One trouble in your work is that what you label as x is not x. That, among other things, makes it hard to follow what you are doing.

#### pka

##### Elite Member
The issue is, my teacher explained to me that to answer the questions, you draw the given angle, then sketch the reference angle into quadrant 1 (Q1), then reflect/translate the same angle into whatever quadrant 'x' is supposed to be in, in reference to the given domain. Attachment T shows what my teacher told me to do in order to answer the questions - I used (c) as a main example. This worked for (a), (b), and (c), however it does NOT work for (d). I have no idea why, I am just so confused and have been stuck on this question for like 2 weeks... I asked my teacher again later today about why it does not work for (d) but we did not have time to discuss it so I am still completely stuck...
It is difficult for us to understand what you need.
$$\sin(\alpha-\beta)=sin(\alpha)\cos(\beta)-\cos(\alpha)\sin(\beta)$$
$$\sin\left(\dfrac{3\pi}{2}-x\right)=\sin\left(\dfrac{3\pi}{2}\right)\cos(x)-\cos\left(\dfrac{3\pi}{2}\right)\sin(x)$$
Now $$\sin\left(\dfrac{3\pi}{2}\right)=-1,~\cos\left(\dfrac{3\pi}{2}\right)=0$$
So $$\sin\left(\dfrac{3\pi}{2}-x\right)=-\cos(x)$$

#### skeeter

##### Elite Member
reference the diagram ...

$$\displaystyle \sin\left(\dfrac{3\pi}{2} - \theta \right) = -\cos{\theta}$$

For any of my colleagues who may be taken aback by this strange approach, the blue triangle in quadrant III is congruent to the red one in quadrant I.

Fot the OP ... so much easier if you were taught basic sum/difference identities.

#### Dr.Peterson

##### Elite Member
reference the diagram ...

$$\displaystyle \sin\left(\dfrac{3\pi}{2} - \theta \right) = -\cos{\theta}$$

For any of my colleagues who may be taken aback by this strange approach, the blue triangle in quadrant III is congruent to the red one in quadrant I.

Fot the OP ... so much easier if you were taught basic sum/difference identities.

View attachment 26624
The thing that is strange to me is not just the convoluted visual approach to solving the problems (which is perfectly sensible in simple cases like this one), but that the problems themselves don't need to refer to domains at all! Their answers are independent of all that.

So why bother teaching students to do all this in special cases, when they will soon learn that there is only one case, and it can be solved either in terms of whatever case is easiest (which, by the way, is what (d) is, being in quadrant I), or in terms of sum/difference identities?

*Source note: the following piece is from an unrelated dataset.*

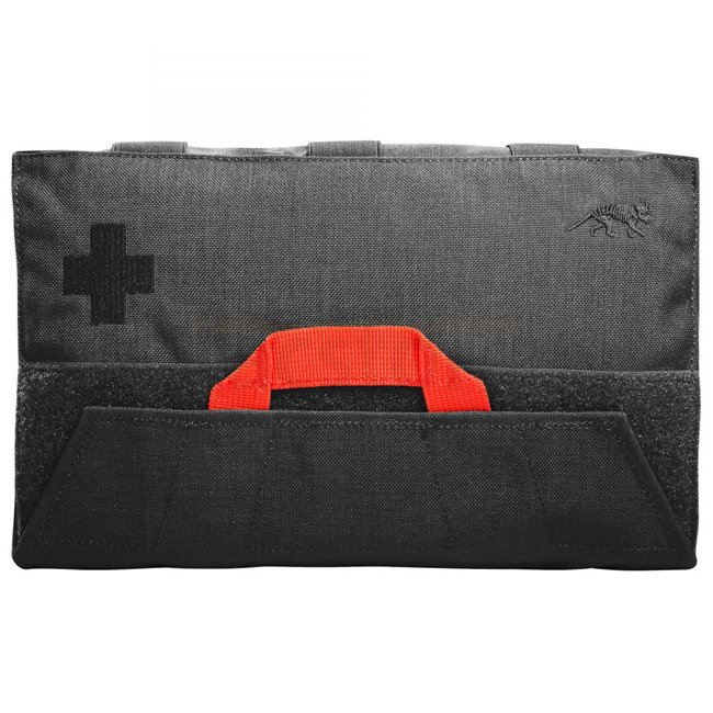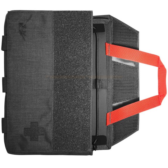 First Aid Kit mit Schnellzugriff-System. Das Panel mit individuell zu bestückenden Schlaufen kann mit einem Griff herausgezogen werden.

I could demonstrate how I would solve these visually, taking the problem at face value and not playing games with the reference angle; but I'm not sure that would help with what the teacher wants them to do.

#### eutas1

##### Junior Member
It's definitely a confusing type of problem. Just to make sure I'm understanding it correctly, can you tell me what the "correct" answers are, as you understand them? You didn't show your actual answer to (c), and the answer as I understand it is very simple (without doing nearly so much work).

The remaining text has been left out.